With the impatience of a man who is being rushed by ambulance to an accident and emergency ward, Sonny ordered his driver to take him to Savile Row. He was guided by a new vision of how to remain in black without taking on the appearance of a proletarian thug: a dinner jacket. Why had he not thought of it before?
By noon he was in a soothingly large, panelled changing room, surrounded by framed bills made out to royal personages and legendary actors, as well as brief letters of condescending satisfaction signed by similar persons. He immediately felt at home. As luck would have it, a proper bespoke dinner jacket, of slimming double-breasted cut, made for a mysterious customer, perhaps dead or ruined, who had never bothered to pick it up, had been languishing in a cupboard reserved for that purgatorial category of half paid but uncollected garments, and was now being brought to him by an assiduous tailor in whose opinion it would suit Sonny very well.
The tailor’s eye had not deceived him. Sonny gazed in awe at the perfection of the fit. The trousers were six inches too long, but that was the most trifling of alterations. In his excitement, he telephoned his driver and asked him to bring the sweater and the balaclava, specifying that they should be taken out of their plastic bags. Once they arrived, he wriggled into the polo-neck sweater, and after replacing the jacket and doing up its inner and outer buttons, pulled the balaclava over his head. He then turned towards the slightly tilted full-length mirror and looked with admiration, and a touch of foreboding, at the elegant and menacing figure staring back at him. He extended his right arm, clasping it with his left hand to support the weight of an imaginary pistol, and spinning around as best he could in such a long pair of trousers, fired round after round with deadly accuracy into the chests and foreheads of the five Elysian Prize judges.
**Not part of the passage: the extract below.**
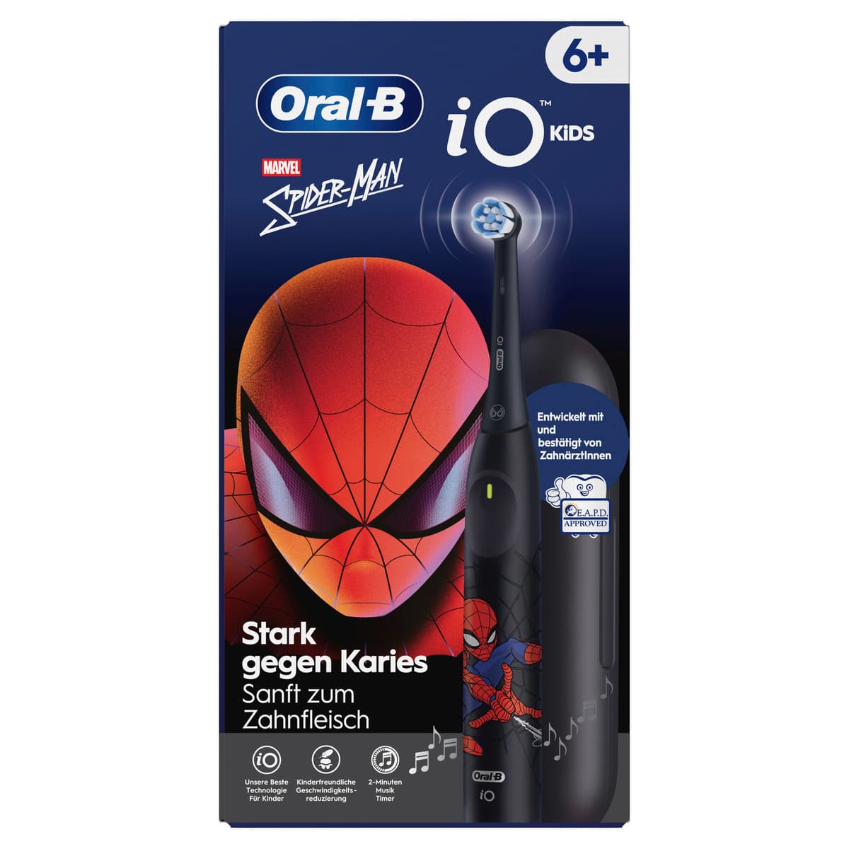 Die Oral-B iO Kids elektrische Zahnbürste sorgt für eine sanfte, effektive Reinigung und wurde mit ZahnärztInnen für Kinder ab 6 Jahren entwickelt und bestätigt. Sie verfügt über 3 Putzmodi, inkl. einem einzigartigen, kinderfreundlichen Super Sensitiv Modus, um stark gegen Karies, aber sanft zum Zahnfleisch zu sein und dabei mehr Plaque zu entfernen als eine herkömmliche Handzahnbürste. Der 2-Minuten-Musik-Timer und der Zugang zur Disney Magic Timer App sorgen für mehr Spaß beim Zähneputzen und helfen Kindern, gesunde Gewohnheiten fürs Leben zu erlernen.

With the balaclava covering his ears and his mind filled with scenes of daring and stylish revenge, Sonny didn’t notice the tailor until he caught sight of him standing respectfully at the back of the changing room. What had he seen? Could Sonny count on his silence?
‘I did knock, sir…’ the tailor began.
‘No, no,’ said Sonny, removing his balaclava and tossing it onto a nearby chair, ‘come in. I, er,’ he struggled for an explanation, ‘sometimes like to ski in just such a costume.’
‘I imagine there’s a good deal of formal wear at some of the better resorts,’ said the tailor.
‘Absolutely!’ said Sonny, regaining his momentum. ‘One often, you know, schusses to a big party already changed for dinner!’